Those plans fizzled, however, but Cioni was impressed with the power files and how mature Sheffield seemed to be even if he was still a teenager.

“He’s very organized and very self-sufficient,” Cioni said. “He knows what he wants and this really helps us as a team. You could see straight away he was special. For example, he organized everything by himself for the 2021 world championships.”

The news broke last fall in Bruge that Sheffield was set to join Ineos Grenadiers for 2022. Sheffield worked out of a deal with the then-Rally Cycling team to leave early in order to join the WorldTour faster than he could have ever imagined.

And he produced results faster than just about everyone imagined.

Cioni on Sheffield: ‘We don’t what his limits are’

Sheffield celebrates with Ben Turner after his win at Brabantse Pijl. (Photo: JASPER JACOBS/BELGA MAG/AFP via Getty Images)

Following his impressive classics debut, many are wondering if Sheffield could become the pure classics rider that U.S. fans have always waited for.

Cioni says it’s too early to tell. In fact, the team isn’t even sure what his limits and potential really is.

“We still need to discover a lot more about Magnus,” Cioni said. “He’s already proven he can be a classics rider, but I wouldn’t be surprised if he can also do well in stage racing.
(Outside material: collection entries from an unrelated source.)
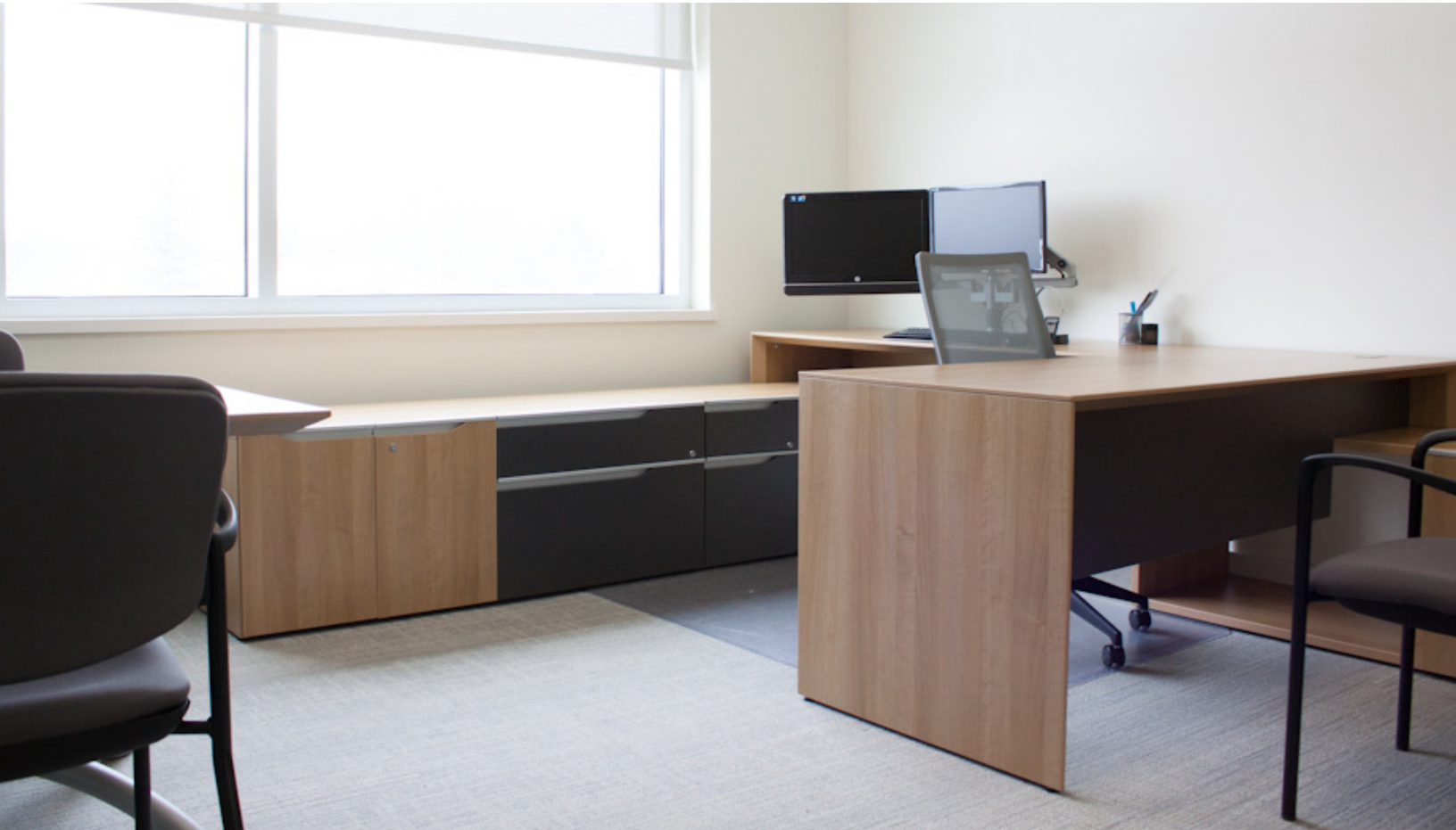
Top: Nex workstation.

Credit for the success of this project goes out to a large team. Therrien Couture Lawyers, Cimaïse, Mobiliers H. Moquin and Groupe Lacasse professionals all worked side-by-side to ensure that the Therrien Couture Lawyers offices would become a benchmark modern working environment. The law firm's new workplace is both esthetically impressive and vibrantly functional!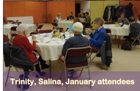
Trinity, Salina, January attendees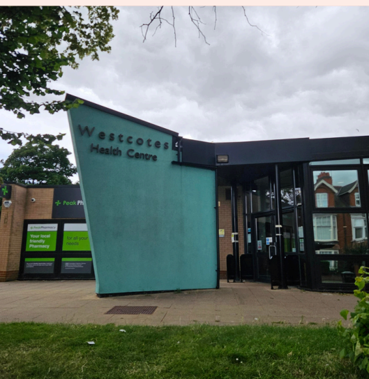
Westcotes Health Centre - Main entrance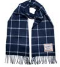
NAVY BOX CHECK CIG52-HT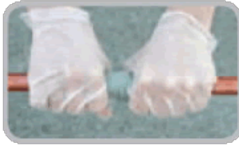
4. Tighten for Approx. 4 Min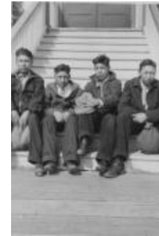
Stoney Nakoda Senior boys at school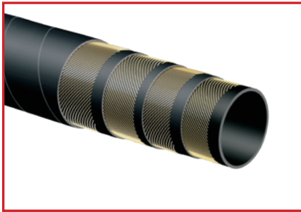
T740AA Wire Reinforced Concrete Hose

Both hoses have abrasion resistant natural rubber (NR) tubes to handle the abrasive sand and gravel contained in cement mixtures. As a result, the T74SAA can also be successfully used in boom concrete pump applications where a lighter weight hose is preferred.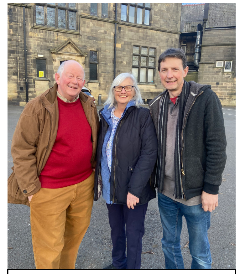
Darley Dale and Matlock are already taking more than their fair share of new housing. Liberal Democrat councillors will fight to ensure new targets are shared with the Peak Park, and built to carbon neutral standards.

After years of Tory neglect, it's time for a better deal for Darley Dale.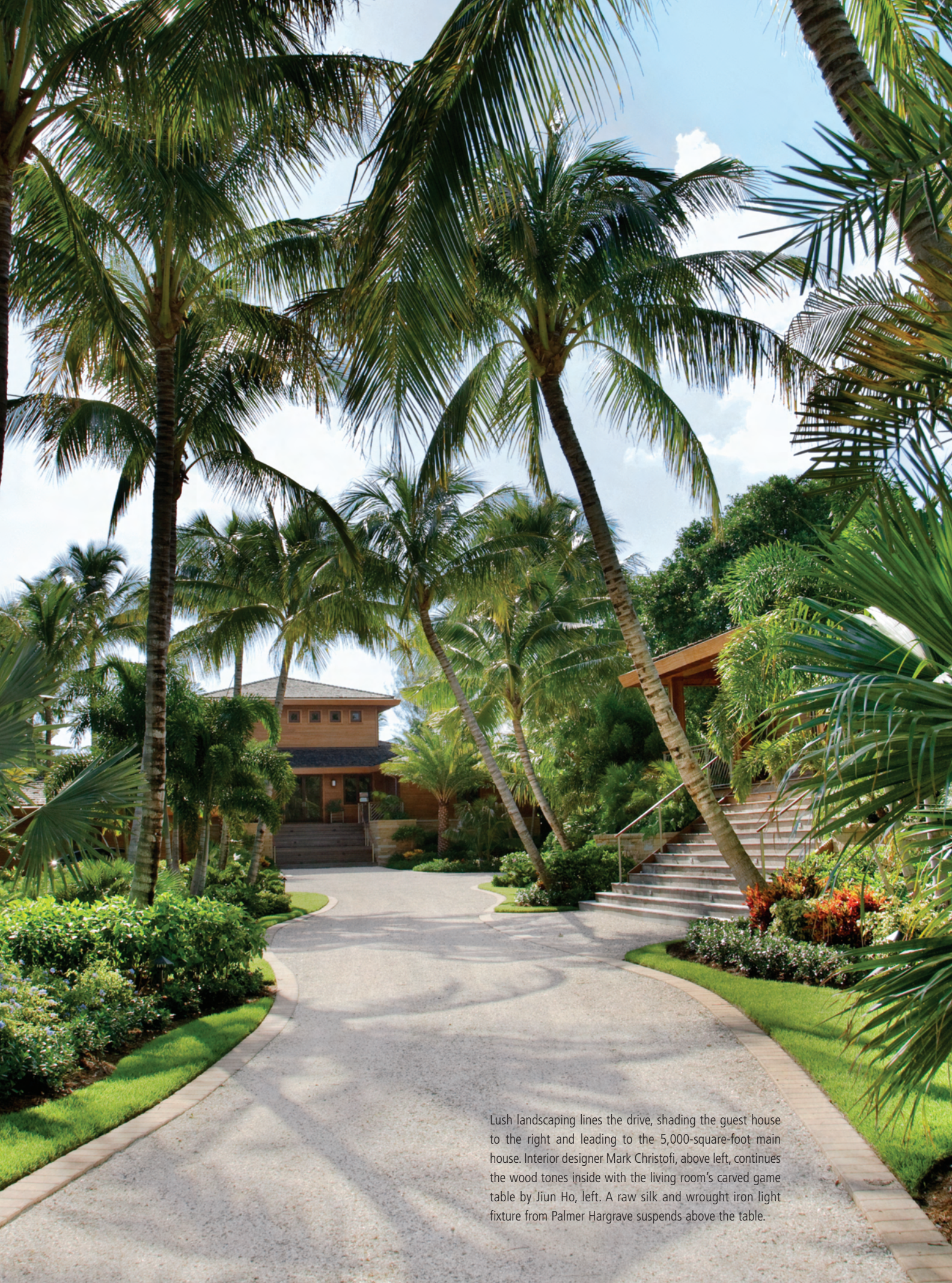
Lush landscaping lines the drive, shading the guest house to the right and leading to the 5,000-square-foot main house. Interior designer Mark Christofi, above left, continues the wood tones inside with the living room's carved game table by Jiun Ho, left. A raw silk and wrought iron light fixture from Palmer Hargrave suspends above the table.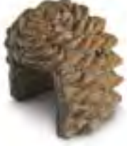
PCDC-1 Pine Cone Decor Cover (Hides remote receiver)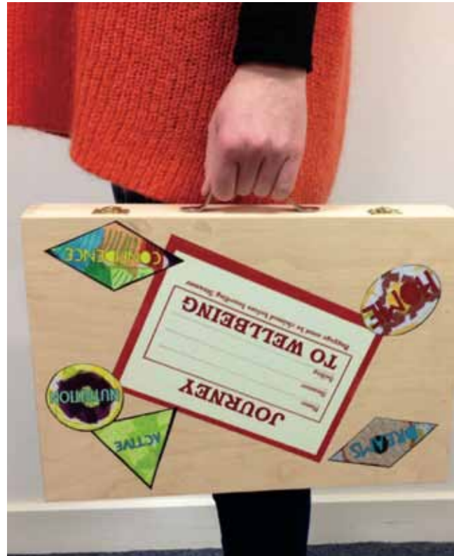
Creativity Works: 'Exemplary work in socially engaged arts & delivery of creative projects that make a real difference to people's lives' (Arts Council England)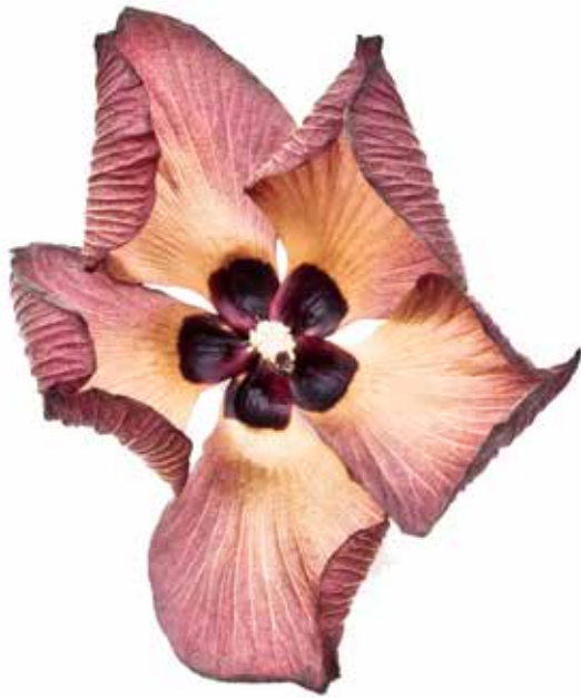
Sea Hibiscus ( Talipariti Tiliaceum )

Beautifully integrated into the backdrop of an ancient rainforest, along a winding stream, The Spa offers an immersive journey of holistic well-being in harmony with nature and one's natural self. Enveloped by the tranquil sights and meditative sounds of the jungle, each of The Spa's five secluded open-air treatment villas features indoor and outdoor showers and a spacious river-view soaking tub - perfect for one or a couple.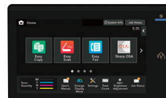
10.1" (diagonally measured) customizable touchscreen display.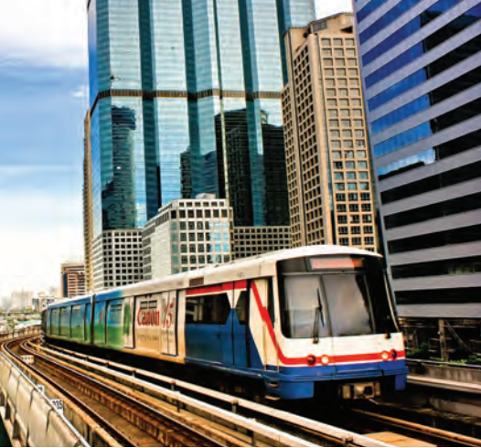
BTS Sky Train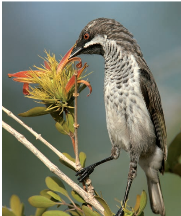
Plate 22: The distinctive Socotra Sunbird Chalcomitra balfourii is a widespread endemic on Socotra Island. (Socotra Island, Yemen; January 2006)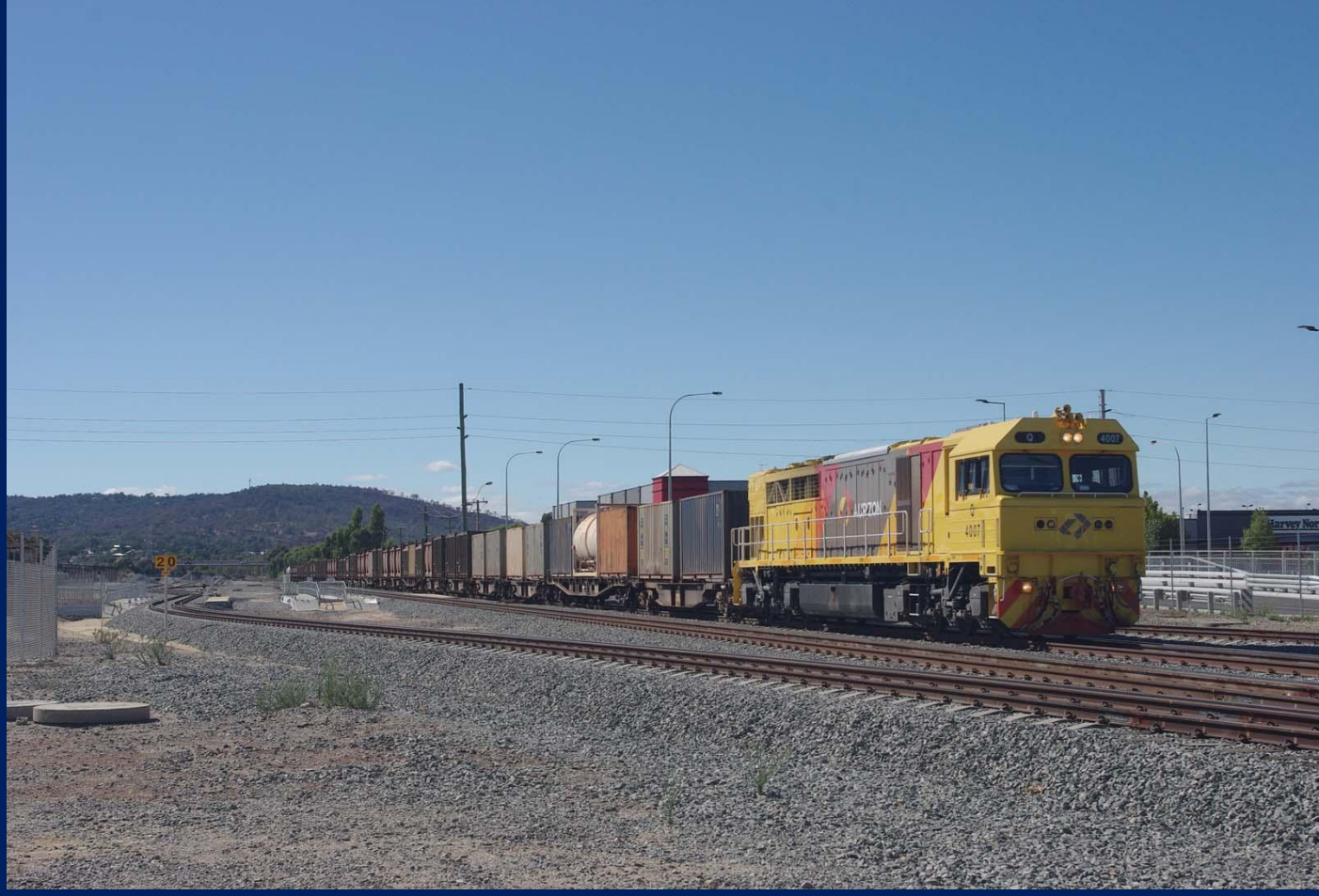
Q4007 on 6430 empty sulphur crossing Lloyd Street underpass Midland March 5th.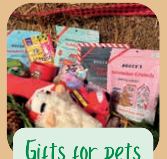
Gifts for pets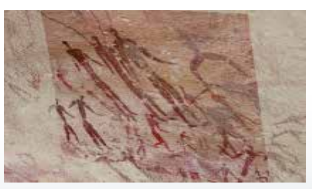
Cave paintings in Wadi Sura

This enables a subsequent comparison between the revamp design and the as-built site. One other advantage is that the scan-ner can operate in a temperature range of -10 °C to +45 °C.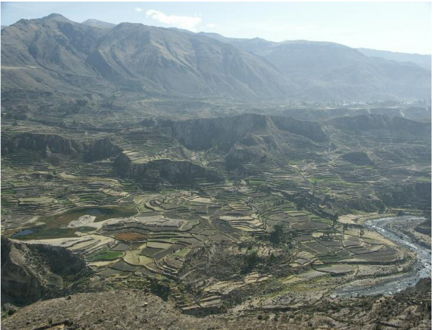
Figure 5: Colca, south Peru. Vast arrays of terracing have defined the agricultural landscape of the Andes for millennia.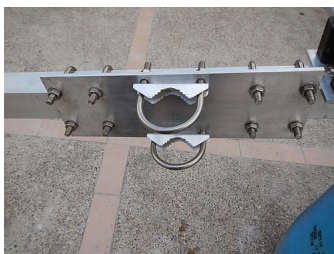
The 6R6 heavy-duty boom to mast assembly with all marine-grade (A4) Stainless Steel hardware

Note: 2 rather than 4 square U-Bolts (boom securing) are used on production models and is more than sufficient.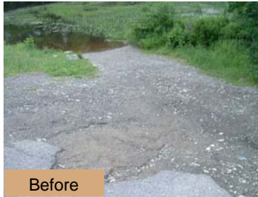
Private Boat Launch, Old Stage Road, Woolwich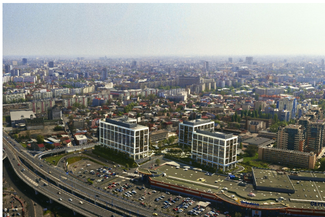
Business Garden Bucharest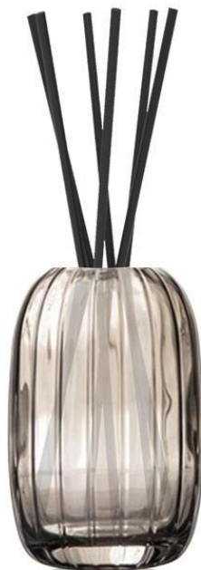
ODMF22-022451 REED DIFFUSER 150ml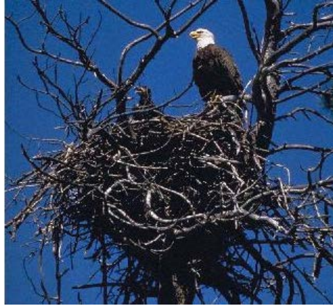
Bald Eagle Nest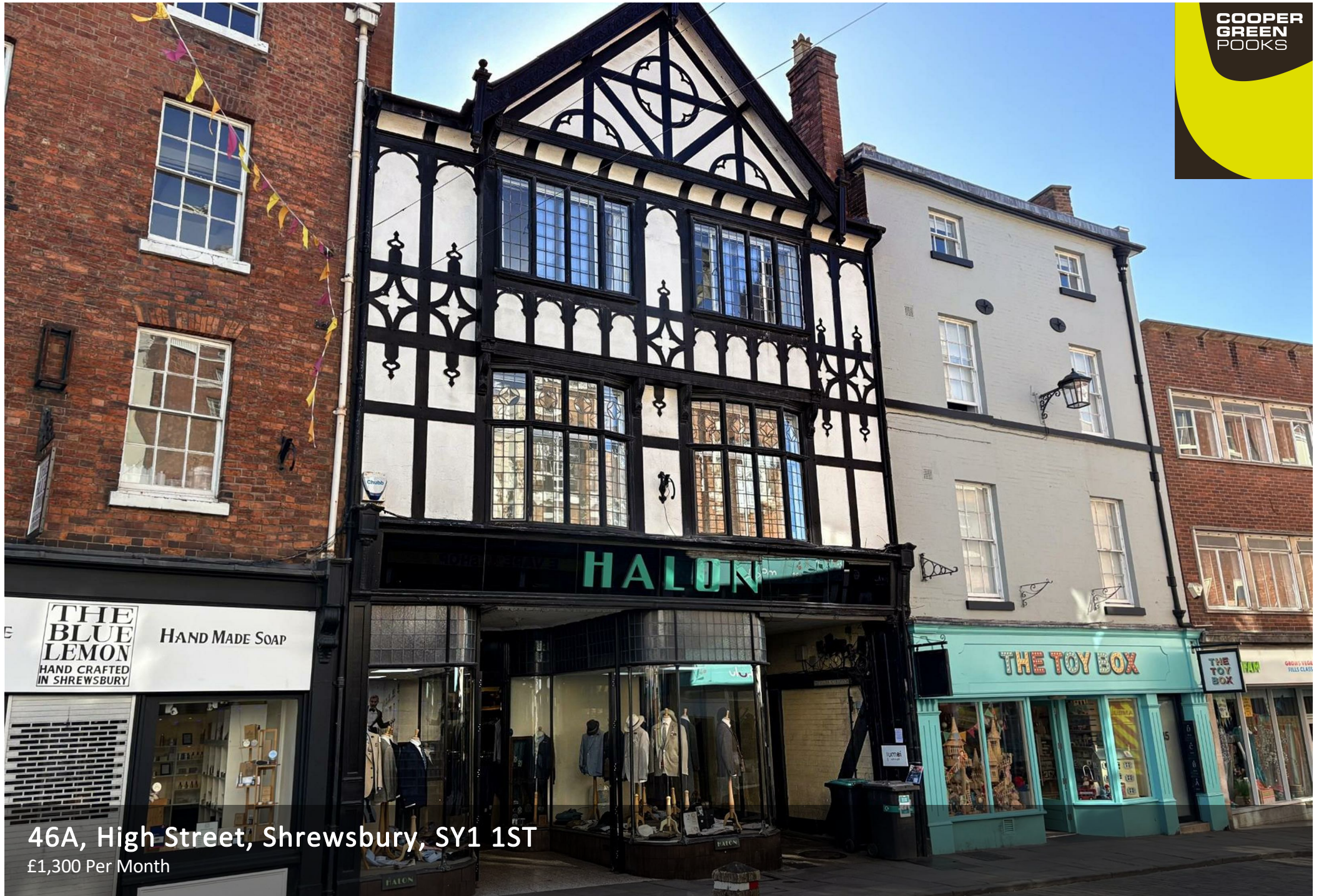
46A, High Street, Shrewsbury, SY1 1ST £1,300 Per Month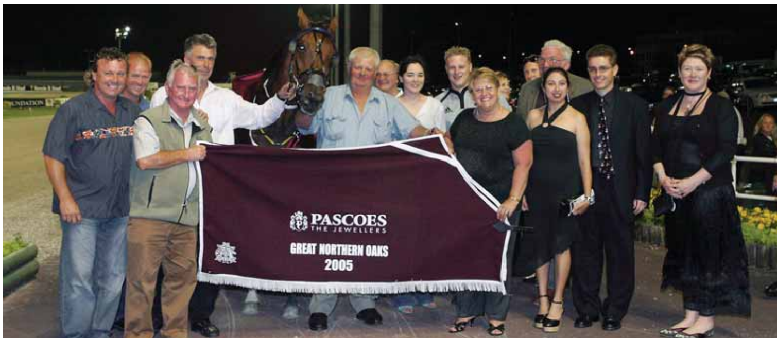
Tosti Girl, winner of the Pascoes Great Northern Oaks, 27 December 2005 and her connections.

Management is required to report to each monthly Board meeting in sufficient detail to enable the Board to assess progress against Annual Budgets, strategic goals and major projects.

“We know he can time trial, and being able to time trial well opens up a lot of possibilities. And from his numbers, we also know he can climb well.”

In fact, Cioni said it was Sheffield’s insistence that he races a spring calendar heavy on classics because he wanted to race Tour of Flanders.

In a detail that is telling of Sheffield’s character, Cioni explained how he paid attention when the team did a recon of the cobblestones to be used in the Tour de France, and he also knew some of the Belgian roads from his days racing as a junior in northern Europe.

“Another thing that is impressive is when we are previewing a race-course, he is really aware, and pays close attention,” Cioni said. “When we went to France, you could see he has a very good memory, and would listen when someone said if you need to be on the right side of the road or the left side.

“Off the bike, is really relaxed. On the bike, he really has an instinct of knowing where he needs to be,” Cioni said. “He’s also driven, and he is good at taking opportunities.

“He knows how to be in the right place at the right moment, and that doesn’t happen by chance,” he continued. “For someone at his age, he is very smart tactically. He also says things in the team meetings. It’s good to have an opinion.”

After crushing the cobbles, including a debut on the Paris-Roubaix-winning squad, what about a grand tour debut this season?

It’s not on the books, but Cioni isn’t ruling it out, either.

“We want to give him a WorldTour stage race experience this year, and then he will go home for nationals,” Cioni said. “A grand tour? Let’s see. I wouldn’t say no 100 percent. I also do not see it as a ‘must’ as there are other races he can do, and we can leave a grand tour for next year.”

So just how big can Sheffield be?

Cioni said it’s too early to tell, but from what he’s seen so far, he said don’t be surprised if Sheffield keeps surprising.

“We will know in a few years if he will be a big star,” Cioni said. “He is already a very promising star, and I am quite sure we haven’t seen everything yet.”

At 19, he cannot legally drink alcohol in the United States, but no one’s checking ID’s from the winner’s podium in Belgium. (Photo: JASPER JACOBS/BELGA MAG/AFP via Getty Images)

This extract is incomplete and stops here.